#### Work required:
Pictures excluded, reproduce exactly the lines below from the one with "gilda-sandalen mit keilabsatz, bastband" through the one with "A apresentação do", both included.

#### Supplied records:
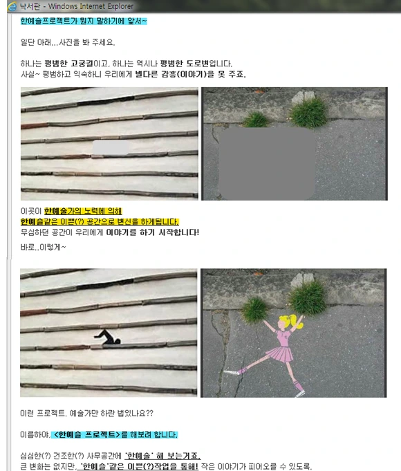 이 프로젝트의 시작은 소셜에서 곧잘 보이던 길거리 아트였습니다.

* * *

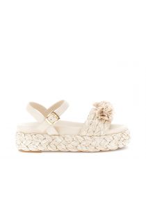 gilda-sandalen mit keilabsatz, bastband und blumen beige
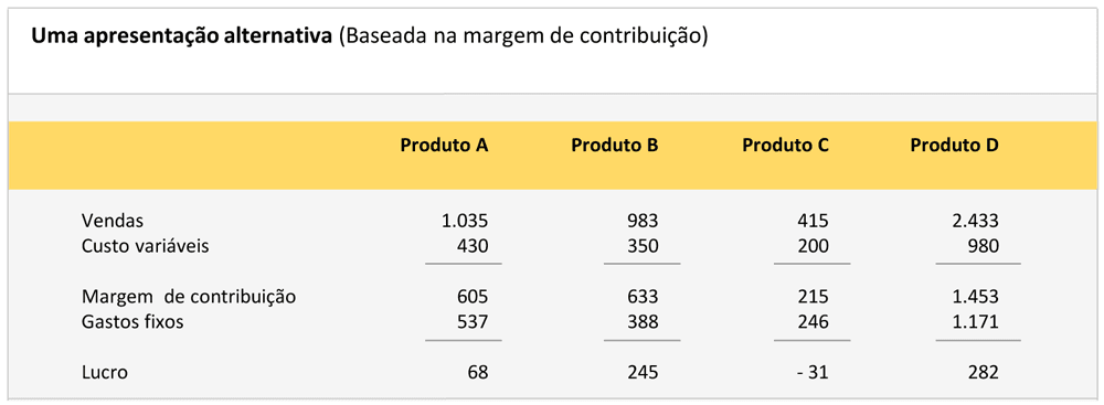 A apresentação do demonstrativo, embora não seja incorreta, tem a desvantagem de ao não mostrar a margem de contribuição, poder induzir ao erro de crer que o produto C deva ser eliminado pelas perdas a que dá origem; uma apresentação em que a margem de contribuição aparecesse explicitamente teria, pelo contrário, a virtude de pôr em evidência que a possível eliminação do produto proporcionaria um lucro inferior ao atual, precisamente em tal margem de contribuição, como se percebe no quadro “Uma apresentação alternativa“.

* * *

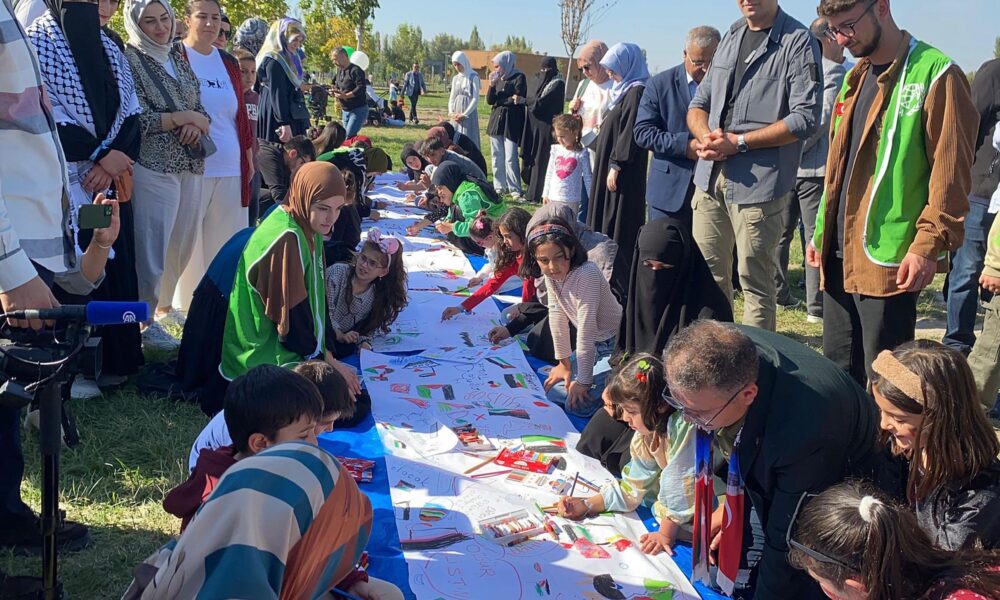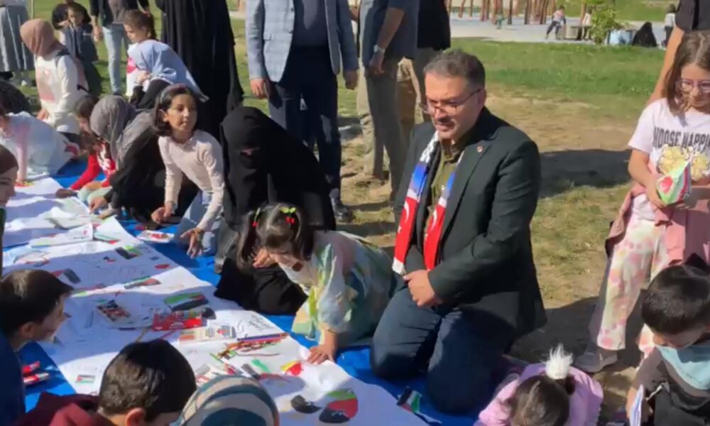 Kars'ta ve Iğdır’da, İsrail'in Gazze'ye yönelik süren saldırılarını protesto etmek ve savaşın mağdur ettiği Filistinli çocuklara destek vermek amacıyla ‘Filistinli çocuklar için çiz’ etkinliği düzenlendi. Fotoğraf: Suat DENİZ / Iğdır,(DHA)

#### Result for this task:
 gilda-sandalen mit keilabsatz, bastband und blumen beige
 A apresentação do demonstrativo, embora não seja incorreta, tem a desvantagem de ao não mostrar a margem de contribuição, poder induzir ao erro de crer que o produto C deva ser eliminado pelas perdas a que dá origem; uma apresentação em que a margem de contribuição aparecesse explicitamente teria, pelo contrário, a virtude de pôr em evidência que a possível eliminação do produto proporcionaria um lucro inferior ao atual, precisamente em tal margem de contribuição, como se percebe no quadro “Uma apresentação alternativa“.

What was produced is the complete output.